Data records:
******
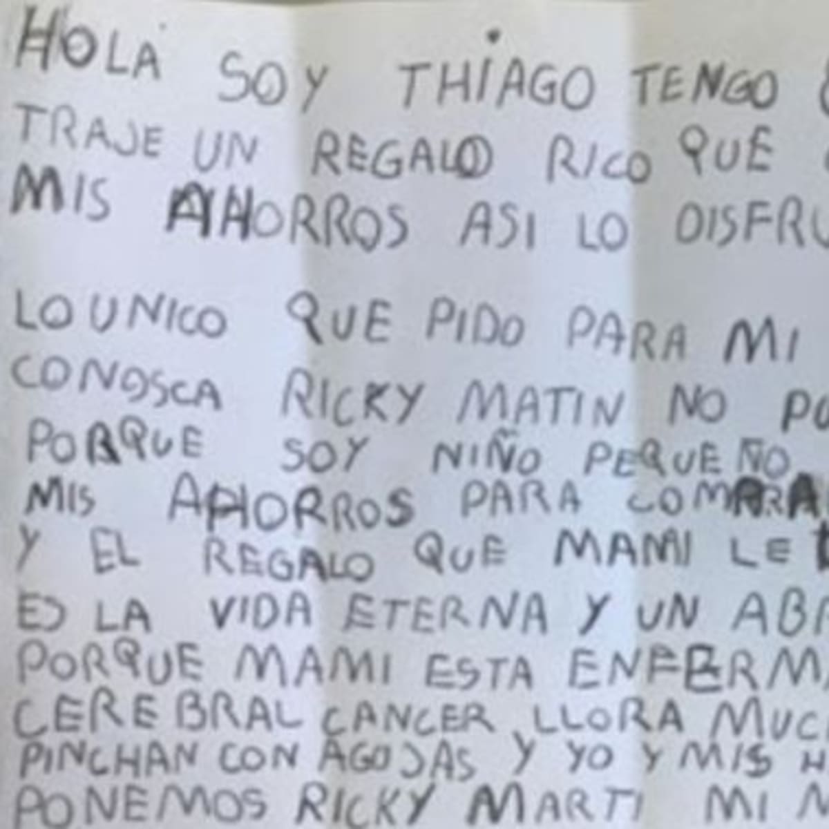 Un niño en Argentina mandó una carta a un programa de televisión para que lo contemplaran en el concurso para conocer a Ricky Martin, incluso mandó sus ahorros
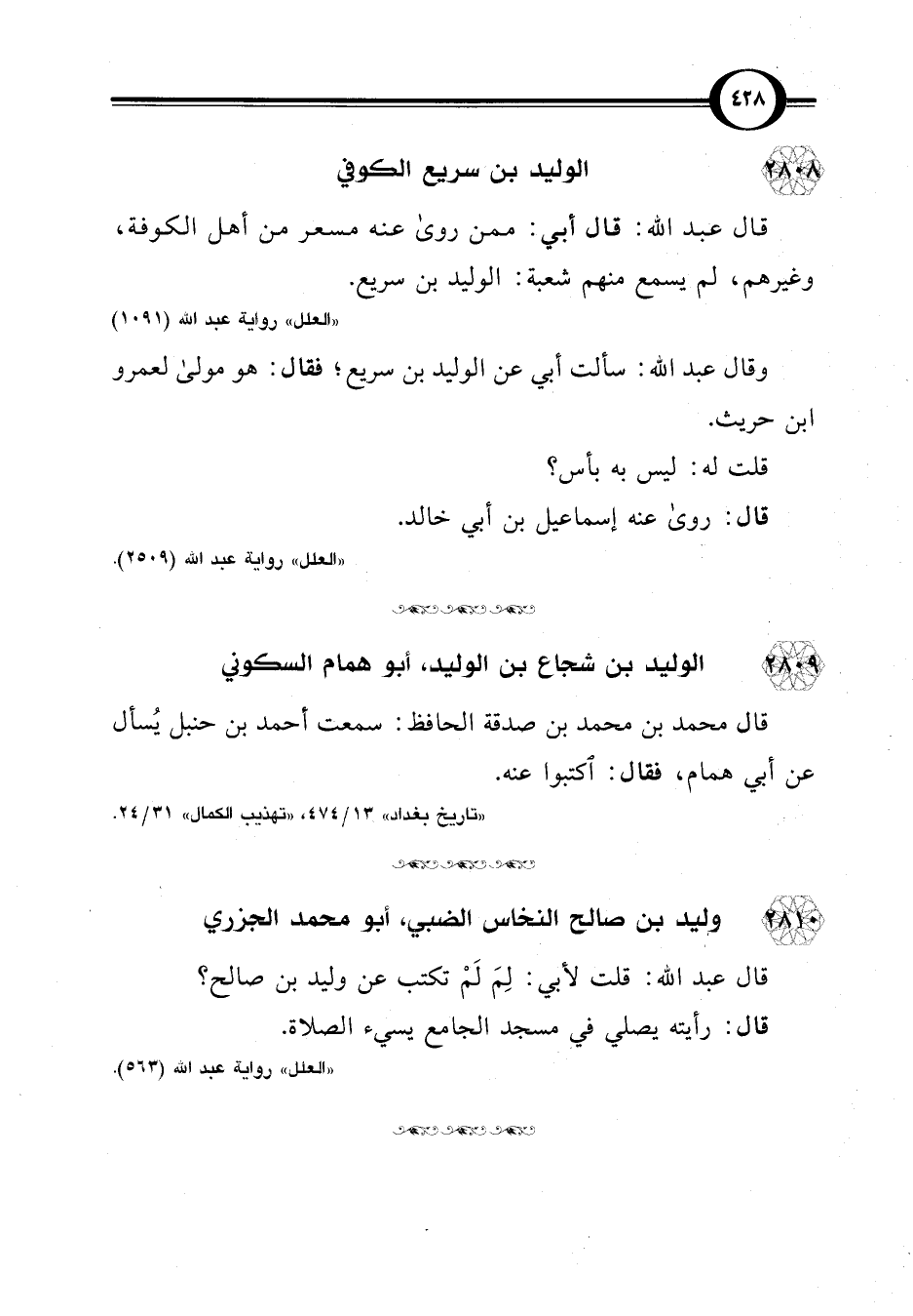 قال عبد اللَّه: قلت لأبي: لِمَ لَمْ تكتب عن وليد بن صالح؟
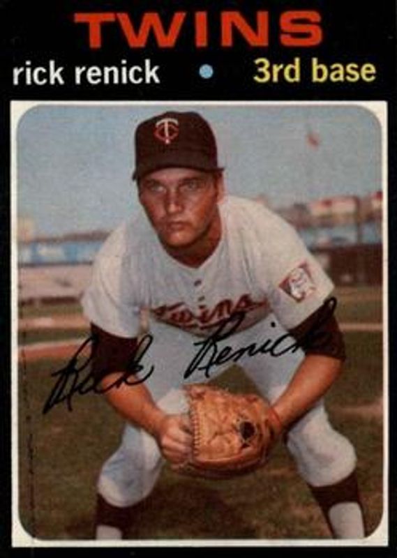 Rick Renick's Baseball cards are available in at least 6 sets. Rick Renick's biggest 7-day price movers are 1971 O-Pee-Chee #694 Base, 1971 Topps #694 Base, and 1968 Venezuelan #301 Base.
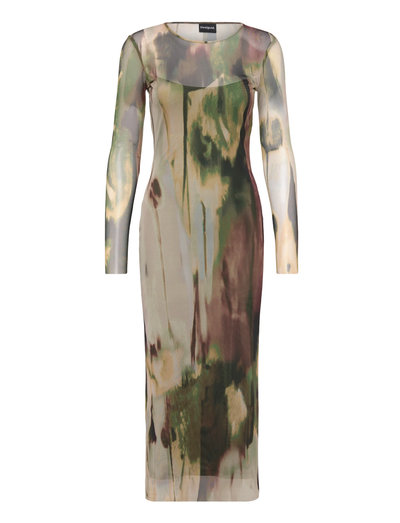 Denna långärmade stickade klänning har en figurnära silhuett. Det halvtransparenta materialet skapar en delikat lager-på-lager-look, perfekt för att ge din outfit djup.
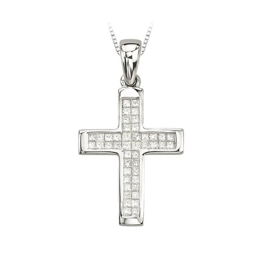 See more technical detailsBuy 14K White Gold 3/8 ct. Princess Cut Diamond Cross Pendant with Chain Now
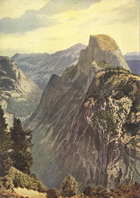 Half Dome, or South Dome, as it is sometimes called, rises at the head of the Yosemite Valley to the height of 4,892 feet above the valley floor. It forms the eastern terminus of the Valley. It is one of the wonders of the natural world, and is a unique thing in mountain scenery. Sweeping up 3,000 feet, its walls bear only a few pine trees. Above this it ascends perpendicularly nearly 2,000 feet straight into the sky, while its rounded summit falls steeply curved on the opposite side. It has been described as “incomparably the most wonderful, striking and impressive feature of the region. In strangeness of shape this hemispherical mountain of solid granite is singular among the world’s geological marvels, and its sublime height and firm soaring outline impose it upon the imagination more than would be possible to bulk alone. From every part of the upper half of the Valley the eye is compelled, as if by force of physical attraction, to return to this extraordinary mountain, which one can never tire of contemplating. One looks upon it as one would gaze at some majestic fragment of statuary.”
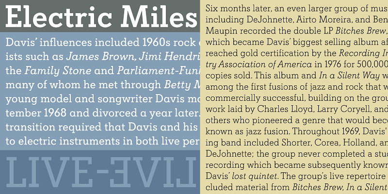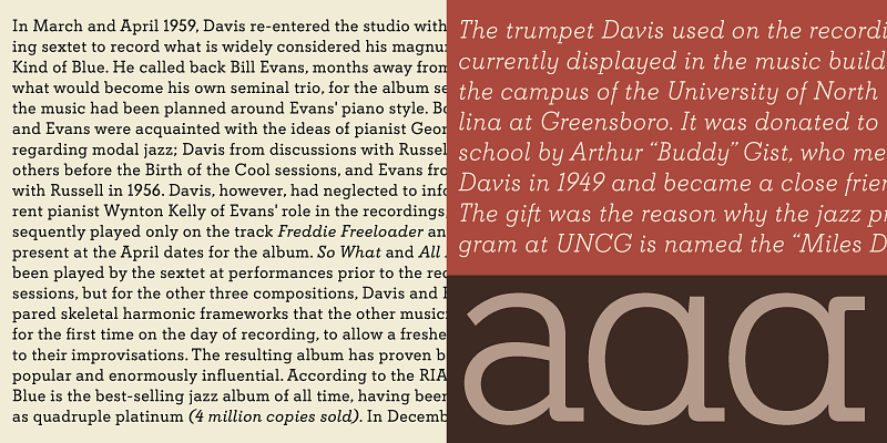 Davis and its sans serif counterpart, Davis Sans, work very well together to satisfy the multiple layers of corporate, advertising and interface applications, from identity and editorial to the many levels of product branding.
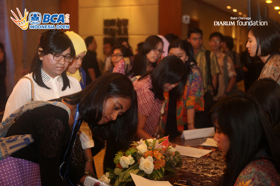 Beberapa wartawan saat melakukan registrasi untuk meliput kegiatan Welcome Dinner di Hotel Sultan
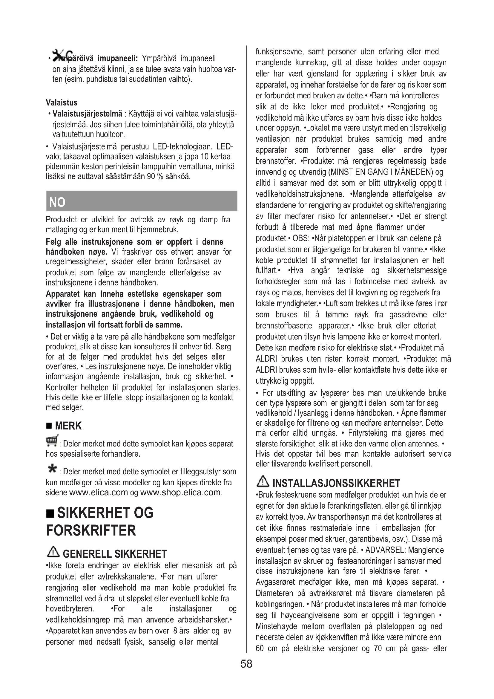 - Det er viktig å ta vare på alle håndbøkene som medfølger produktet, slik at disse kan konsulteres til enhver tid. Sørg for at de følger med produktet hvis det selges eller overføres. • Les instruksjonene nøye. De inneholder viktig informasjon angående installasjon, bruk og sikkerhet. • Kontroller helheten til produktet før installasjonen startes. Hvis dette ikke er tilfelle, stopp installasjonen og ta kontakt med selger. MERK : Deler merket med dette symbolet kan kjøpes separat hos spesialiserte forhandlere. : Deler merket med dette symbolet er tilleggsutstyr som kun medfølger på visse modeller og kan kjøpes direkte fra sidene www.elica.com og www.shop.elica.com. SIKKERHET OG FORSKRIFTER GENERELL SIKKERHET
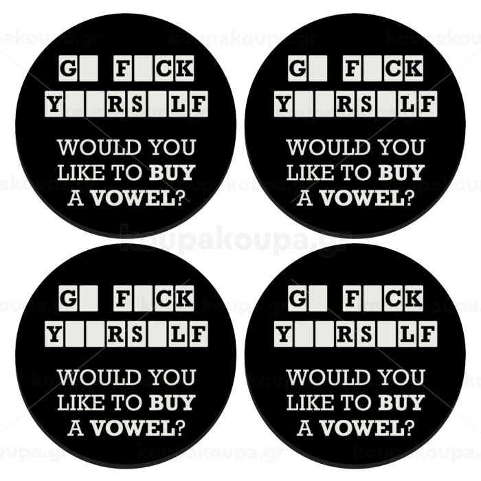 Wheel of fortune, go f..k yourself, SET of 4 round wooden coasters (9cm)
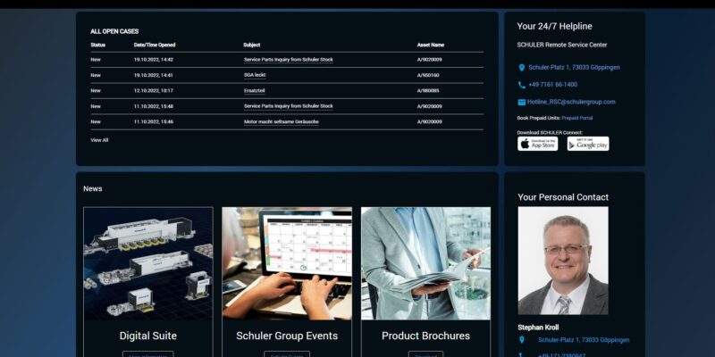 Schuler now offers its customers a web-based overview of their equipment, current contracts, hotline cases, and spare parts in stock.
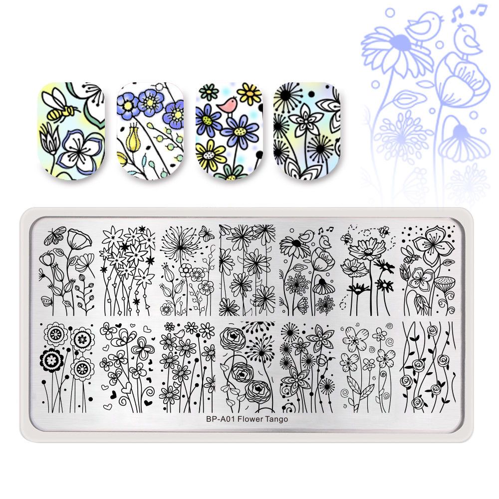BORN PRETTY Nail Art Stamping Plate - FLOWER TANGO BP-A01 | Venus Nail Art Supplies Australia
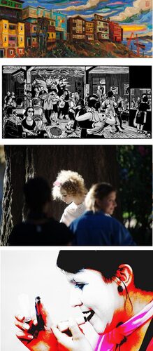 Cosi' Loro Coirón con le sue incisioni in bianco e nero e Gonzalo IIabaca con i suoi dipinti esuberanti di colori, materializzano, davanti a noi, due visioni complici e complementari di una stessa Valparaiso, il Porto che aveva gia' incantato il Premio Nobel Pablo Neruda e Ruben Dario, che scrisse qui "Azul" , la sua opera piu' significativa. Il Curatore Giuseppe Ussani d'Escobar afferma: "Gonzalo Ilabaca, con le sue opere, ricrea davanti ai nostri occhi una Valparaiso allucinante e visionaria, una città in grado di generare e deformare i sogni. I suoi "Ni adentro ni afuera" e "No tienes corazon" vedono al centro un personaggio che riempie lo spazio, che media il rapporto tra l'osservatore ed il luogo, quasi un custode-guida-guardiano di quel mondo onirico." ed ancora "Loro Coiron cerca continuamente un suo codice di linguaggio per esprimere il suo stupore di fronte alla magia di Valparaiso, sembra trovarlo, ma poi lo abbandona poiché la realtà di Valparaiso è in perpetua metamorfosi, non si stabilizza mai creando nell'artista quell'ansia di espressione che pochi luoghi nel mondo riescono a favorire".
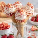 - Garnish and serve: Top each filled cone with diced fresh strawberries and sprinkle 2 tablespoons of reserved strawberry crunch over the strawberries for added texture and flavor. Serve immediately or refrigerate for up to 2 hours before serving to keep the filling firm and fresh.
******
> WHAT TO DO
Each line from the first line of the data above through the one containing "Beberapa wartawan saat" must be set down exactly; the pictures must not be.

> ANSWER TO THE EXERCISE
 Un niño en Argentina mandó una carta a un programa de televisión para que lo contemplaran en el concurso para conocer a Ricky Martin, incluso mandó sus ahorros
 قال عبد اللَّه: قلت لأبي: لِمَ لَمْ تكتب عن وليد بن صالح؟
 Rick Renick's Baseball cards are available in at least 6 sets. Rick Renick's biggest 7-day price movers are 1971 O-Pee-Chee #694 Base, 1971 Topps #694 Base, and 1968 Venezuelan #301 Base.
 Denna långärmade stickade klänning har en figurnära silhuett. Det halvtransparenta materialet skapar en delikat lager-på-lager-look, perfekt för att ge din outfit djup.
 See more technical detailsBuy 14K White Gold 3/8 ct. Princess Cut Diamond Cross Pendant with Chain Now
 Half Dome, or South Dome, as it is sometimes called, rises at the head of the Yosemite Valley to the height of 4,892 feet above the valley floor. It forms the eastern terminus of the Valley. It is one of the wonders of the natural world, and is a unique thing in mountain scenery. Sweeping up 3,000 feet, its walls bear only a few pine trees. Above this it ascends perpendicularly nearly 2,000 feet straight into the sky, while its rounded summit falls steeply curved on the opposite side. It has been described as “incomparably the most wonderful, striking and impressive feature of the region. In strangeness of shape this hemispherical mountain of solid granite is singular among the world’s geological marvels, and its sublime height and firm soaring outline impose it upon the imagination more than would be possible to bulk alone. From every part of the upper half of the Valley the eye is compelled, as if by force of physical attraction, to return to this extraordinary mountain, which one can never tire of contemplating. One looks upon it as one would gaze at some majestic fragment of statuary.”
 Davis and its sans serif counterpart, Davis Sans, work very well together to satisfy the multiple layers of corporate, advertising and interface applications, from identity and editorial to the many levels of product branding.
 Beberapa wartawan saat melakukan registrasi untuk meliput kegiatan Welcome Dinner di Hotel Sultan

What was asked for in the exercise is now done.